Selanjutnya dikisahkan Raja Trisanku dari dinasti Surya, leluhur Sri Rama tidak ingin mati berpisah dari raganya, dan ingin ke surga bersama raganya. Dia meminta Resi Wasishta mengabulkan permohonannya, tetapi dia ditolak. Ketika sang raja mohon kepada para putra Wasishta, mereka bahkan mengutuknya menjadi seorang chandala dan tak ada seorang pun yang mengenalinya, sehingga dia pergi mengembara dan tidak kembali ke istana.
Dalam pengembaraannya, sang chandala bertemu dengan Resi Kausika yang sedang bertapa. Kausika mengenali bahwa sang chandala adalah Raja Trisanku. Raja Trisanku berkata, “Sewaktu menjadi raja, aku selalu berbuat baik dan tak pernah menyimpang dharma, tetapi putra Wasihta telah mengutukku, mohon pertolongan Resi.”
Resi Kausika membantu Raja Trisanku, bahkan mengusahakan Raja Trisanku dapat naik ke surga bersama tubuhnya. Ketika Raja Trisanku ke surga dan dan ditolak Indra, Resi Kausika membuatkan surga khusus bagi Trisanku, dan para dewa terpaksa menyetujuinya takut kepada kesaktian Resi Kausika.
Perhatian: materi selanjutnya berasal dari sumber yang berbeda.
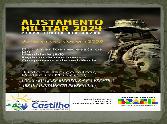 Assessoria de Comunicação A Junta Militar de Castilho reforça que jovens nascidos no ano de 2006 têm até o dia…
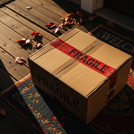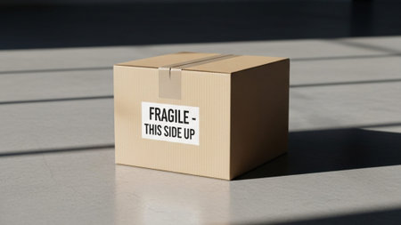A cardboard box with a fragile sticker rests on a clean surface. Soft light streams through nearby windows creating a calm setting for shipping.

Pada suatu saat Resi Kausika terketuk oleh pengorbanan Resi Ajigarta yang merelakan putranya menjadi persembahan Waruna agar cucu Raja Trisanku yang menjadi putra mahkota selamat. Resi Kausika memanggil seratus putranya agar ada salah satu yang sanggup berkorban menggantikan putra Resi Ajigarta. Separuh putranya menolak dan beralasan mengapa putra seorang raja menggantikan putra resi sebagai korban persembahan. Kemudian kelimapuluh putranya dikutuk menjadi pengikut suku liar pemakan anjing Nisada selama 1000 tahun.
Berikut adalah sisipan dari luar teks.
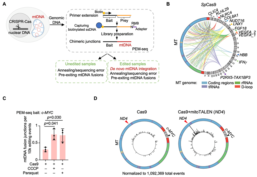 Transfer of mitochondrial DNA into the nuclear genome during induced DNA breaks
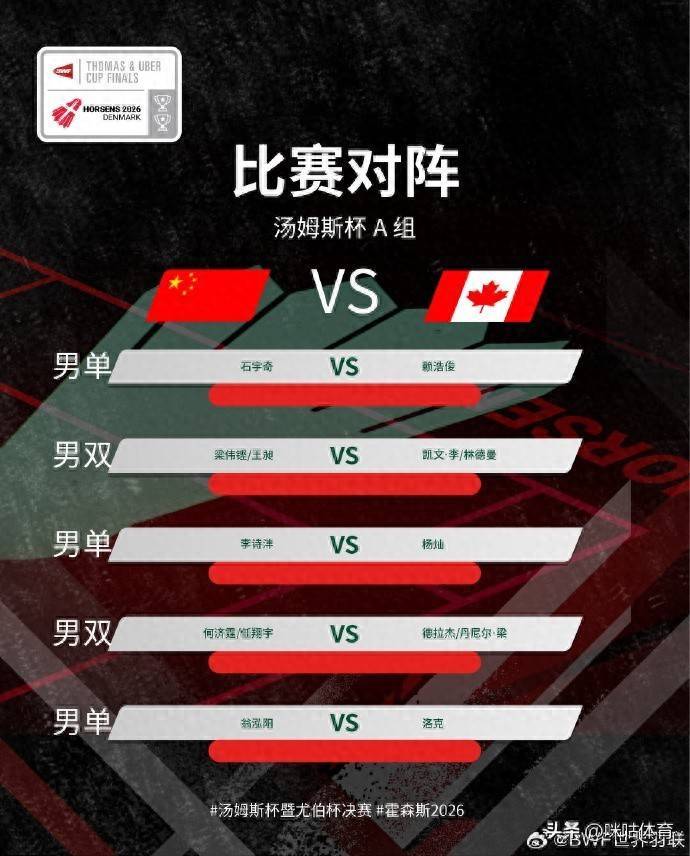 2026年汤姆斯杯小组赛A组第二场,中国队将对阵加拿大队,两边出场威望如故公布,比赛将于北京技巧今天14:30分启动。
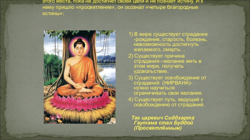 не сойдёт с этого места, пока не достигнет своей цели и не познает истину. И к нему пришло «просветление», он осознал «четыре благородные истины»:

Demikian juga kala Kausika sedang mengadakan upacara persembahan agar Trisanku bisa naik ke surga, para putra Wasishta melecehkannya, “Bagaimana bisa bekas raja dapat menaikkan seorang chandala ke surga.” Para putra Wasishta pun dikutuk  menjadi pengikut suku liar Nisada selama 1000 tahun. Kutukan tersebut dapat dimaknai, seorang brahmana yang membuat seorang raja menjadi chandala, dan menyepelekan tapa seorang ksatriya, maka dia pun harus merasakan bagaimana penderitaan seorang  akibat perbuatannya dan bagaimana rasanya disepelekan masyarakat.
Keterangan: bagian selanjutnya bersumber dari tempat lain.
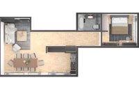 Пректом предусмотрены квартиры различной квадратуры в свободной планировке от 50 кв. метров. Владельцам квартир на верхних этажах будут доступны собственные террасы на крышах.
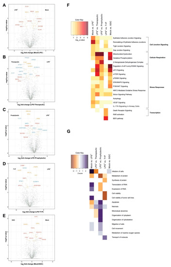 Ingenuity pathway analysis (IPA) [32] of canonical pathways, networks, and biological functions of differentially abundant proteins in each comparison pair was examined (Figure 2F and Table S4). Altered canonical pathways in the LPS-challenged comparison include oxidative and inflammatory responses such as “NRF2-mediated oxidative stress signalling” and the “IL-17A cytokine signalling pathway”. In both therapeutic and prophylactic treatment comparisons, enriched canonical pathways were related to cellular respiration, protein synthesis, and stress adaptation responses. These same pathways were enriched in the cells treated with GGC alone. Enriched pathways in the T+P condition were involved in the prevention of apoptosis, activation of transcription, and stress response (Figure 2F).
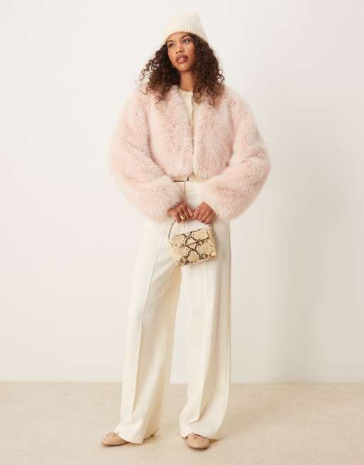 ASOS DESIGN Veste bolero en fausse fourrure Rose clair ASOS
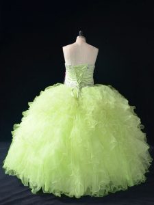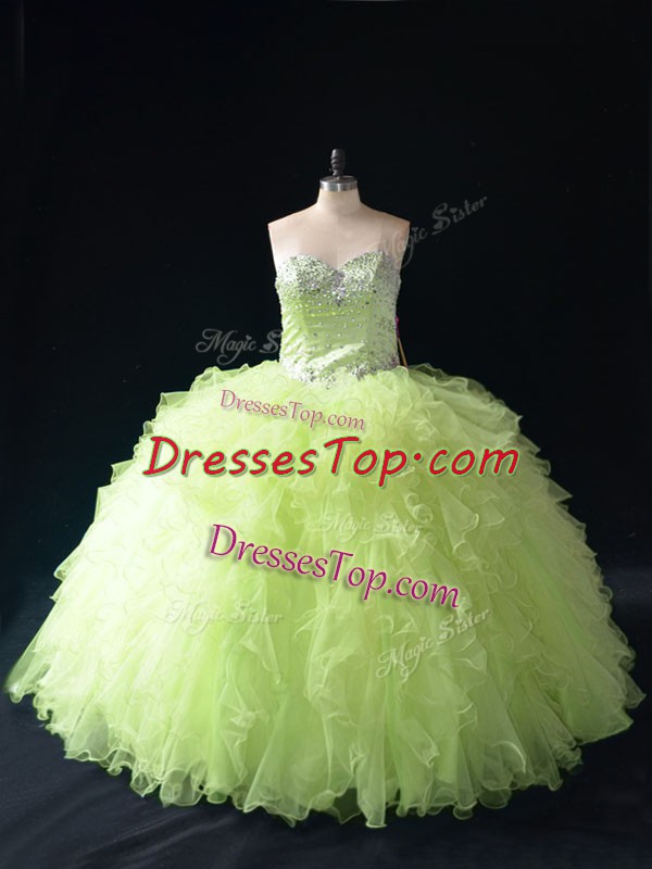 Inexpensive Yellow Green Lace Up Sweetheart Beading and Ruffles Quinceanera Dresses Tulle Sleeveless

Resi Wasishta memang bijaksana dan tidak mempunyai keterikatan terhadap keluarga. Resi Wasihta, tidak marah putra-putranya dikutuk, karena berpendapat sebuah kutukan hanya dapat terjadi karena hukum sebab akibat. Kesalahan masa lalu bisa saja memberikan akibat pada saat ini. Putra-putra kandungnya adalah para putranya pada kehidupan saat ini. Sudah ribuan putra dalam ribuan kehidupan dimiliki dalam kehidupan sebelumnya. Putra sejatinya adalah para muridnya, yang ingin meningkatkan kesadaran melalui dirinya sebagai seorang Guru. Resi Wasishta paham masalah hakim-menghakimi adalah urusan pikiran.

Bidadari Menaka

Indra yang takut pada kesaktian Wismamitra yang semakin keras bertapa, mengutus bidadari Menaka, untuk menggoda. Kausika tergoda dan hidup bersama Menaka selama 5 tahun dan lahirlah Dewi Shakuntala yang menjadi ibu dari Bharata, nenek moyang Pandawa dan Hastina. 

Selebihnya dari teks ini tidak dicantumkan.